The portion of the code I am having trouble with updates a 2D array, but it does so using a 5 deep nested loop.
for(int i = 0; i < L + 1; i++){
for(int j = 0; j < L + 1; j++){
for(int k = 0; k < L + 1; k++){
some_conditionals
for(int l = 0; l < L + 1; l++){
some_conditionals
G = 1.0;
for(int m = 0; m < L + 1; m++){
some_conditionals
G = some_math;
} // end M loop
blah[i][j] += some_math;
} // end l loop
} // end k loop
}// end j loop
}// end i loop
My first reaction was to parallelize the outer 2 loops, (i,j), because then each thread could work on a unique blah[i][j]. But that is still too much work for each thread.
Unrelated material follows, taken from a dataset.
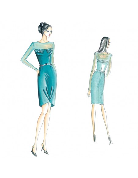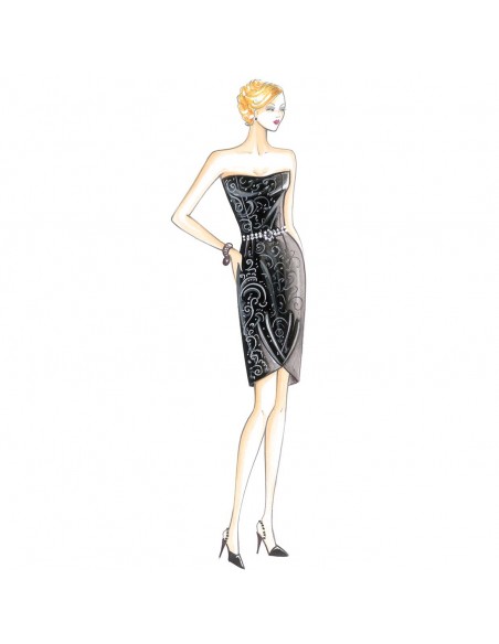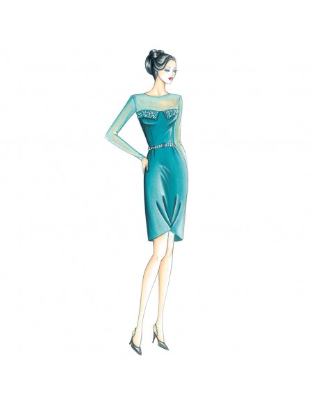 Vestido escotado, se puede hacer en raso duchesse o velvetòn, el canesú y las mangas en tul stretch, orillo bordado en forma de solapas ribeteadas en el escote y falda tipo tulipán con pliegues sueltos cruzados en la parte inferior.

I am doing this on Windows with a ATI 5870, so I want the batches of kernels to complete within the TDR, otherwise windows will kill the kernel.
In the code, the some_conditionals are based on the indexes i,j,k,l,m (e.g., i != m)
To parallelize i,j I just use an 2D NDRangeKernel like so:
err = queue.enqueueNDRangeKernel(
kernel,
cl::NullRange,
cl::NDRange((L+1), (L+1)),
cl::NDRange(1,1),
NULL,
&event);
checkErr(err, "CommandQueue::enqueueNDRangeKernel()");
I would have liked to be able to use a 3D NDRange kernel, (parallelize i,j,k) but if I do that, I need to perform some type of reduction on blah[i][j], which I don’t know how to do yet. I’m wondering am on the right track? Any suggestions?
I tried breaking up the 3rd loop, and running a loop queuing kernels with an additional arg (k=__)
Even doing that seems to be too much work in the kernel, as with L > 60 it will trigger windows TDR killing the kernel.
I am learning OpenCL as I go, and my background is MPI.
Thanks!